Alibaba’s crew has launched Qwen3.5, the most recent technology of open-weight giant language and multimodal fashions. This collection pushes the boundaries of efficiency and effectivity, enabling high-end capabilities on dramatically decreased compute budgets. The discharge aligns with an industry-wide pivot towards environment friendly, deployable AI: fashions that ship superior reasoning, coding, agentic habits, and native multimodality whereas becoming on shopper {hardware}, edge units, servers with modest sources, and even native/privacy-focused setups.
Qwen3.5 spans a broad household of sizes and architectures, from ultra-compact dense fashions below 1 billion parameters to huge sparse MoE flagships exceeding 300 billion complete parameters. This tiered lineup lets builders match fashions exactly to their wants for latency, throughput, reminiscence footprint, value, and functionality.
On the light-weight finish, the Qwen3.5 Small collection contains 4 fashions: 0.8B, 2B, 4B, and 9B parameters. Launched in early March 2026 (finishing the household rollout that started in mid-February), these are optimized for on-device and edge deployment: smartphones, IoT units, embedded methods, and privacy-sensitive native inference.

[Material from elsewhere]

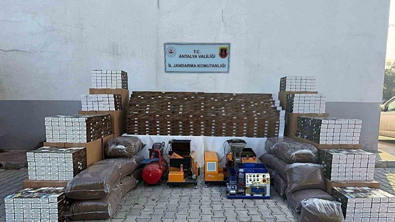 Antalya İl Jandarma Komutanlığı ekiplerince Kemer ve Konyaaltı ilçelerinde düzenlenen operasyonlarda 1 milyon doldurulmuş makaron ile büyük miktarda kaçak tütün ve sigara ele geçirildi.
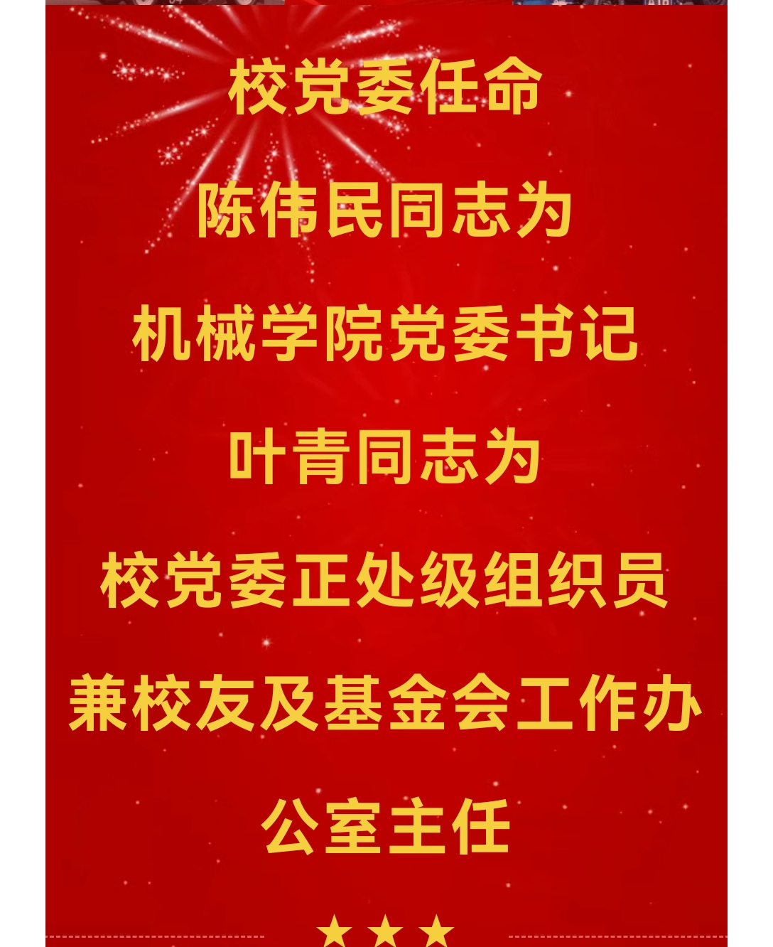校党委任命陈伟民同志为机械学院党委书记,叶青同志为校党委正处级组织员兼校友及基金会工作办公室主任

They obtain exceptional effectivity by means of architectural selections like hybrid consideration (Gated Delta Networks for linear-time scaling) and methods that decrease VRAM utilization. Even the 9B mannequin runs easily on modest shopper GPUs or high-end cell {hardware}. All small fashions inherit native multimodality and a 262,144-token context window, making long-document processing and prolonged conversations possible regionally.
The 9B variant stands out because the strongest small-model performer, closing a lot of the hole with far bigger fashions in reasoning, logical problem-solving, and instruction following – thanks partially to in depth post-training reinforcement studying.

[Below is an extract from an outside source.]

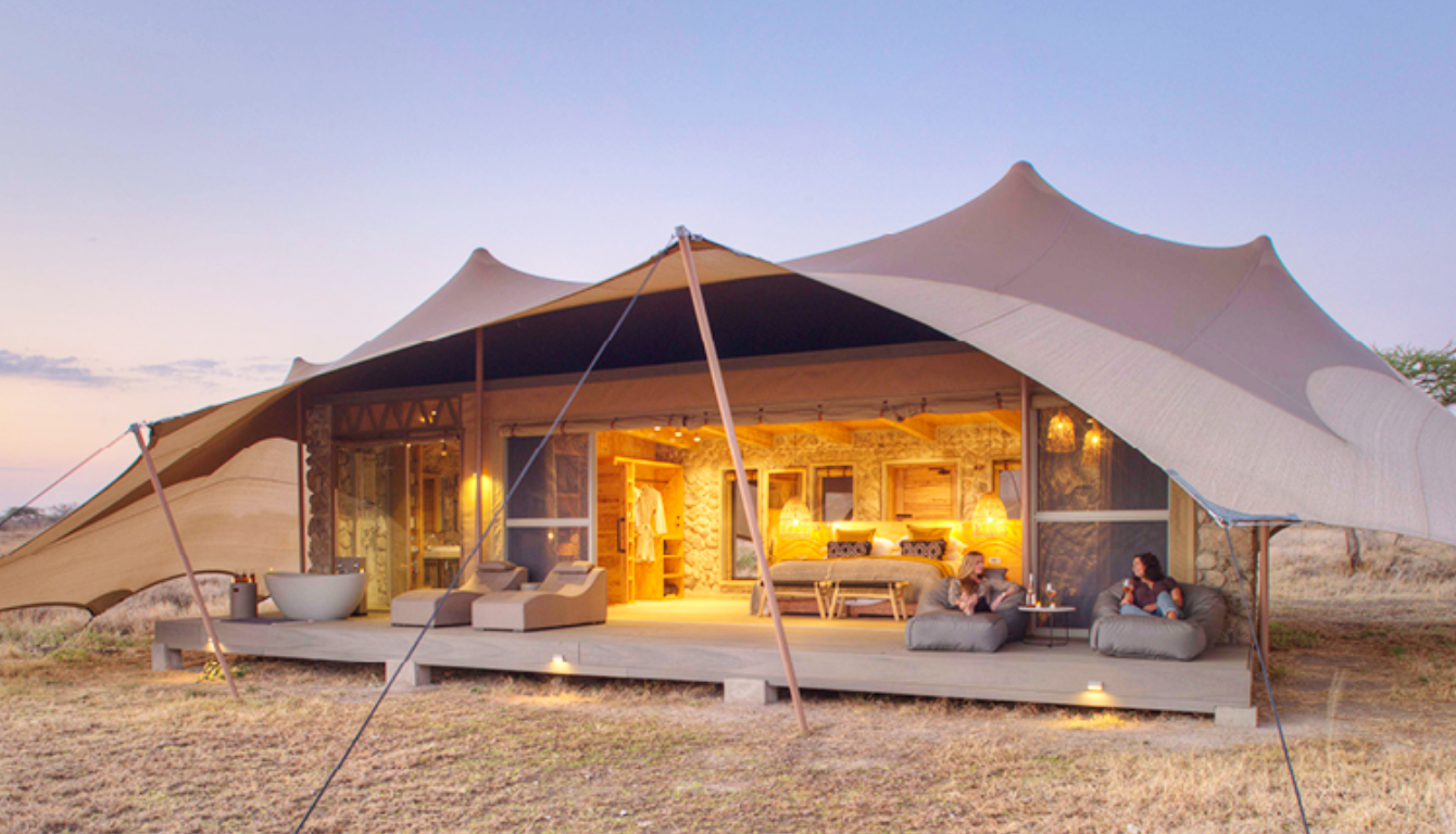 The camp’s design blends seamlessly with the natural environment, featuring luxury tents that are both spacious and comfortable. The main lodge area offers various spaces for guests to relax, including a pool sala for al fresco dining and a signature bar. The camp is also committed to sustainability, operating entirely off-grid with a custom-designed solar system and using eco-friendly materials to minimize its environmental impact.

A core breakthrough in Qwen3.5 is its native multimodal structure. Not like many prior methods that retrofit imaginative and prescient encoders onto pretrained language fashions, Qwen3.5 integrates imaginative and prescient and language from the pre-training stage onward (early fusion). This unified coaching produces a cohesive illustration house for textual content, pictures, diagrams, charts, screenshots, and paperwork.
The result’s superior efficiency on visible understanding duties: doc structure evaluation, chart/desk interpretation, diagram reasoning, fine-grained OCR, visible query answering, and multimodal agent behaviors (e.g., understanding and appearing on display screen content material).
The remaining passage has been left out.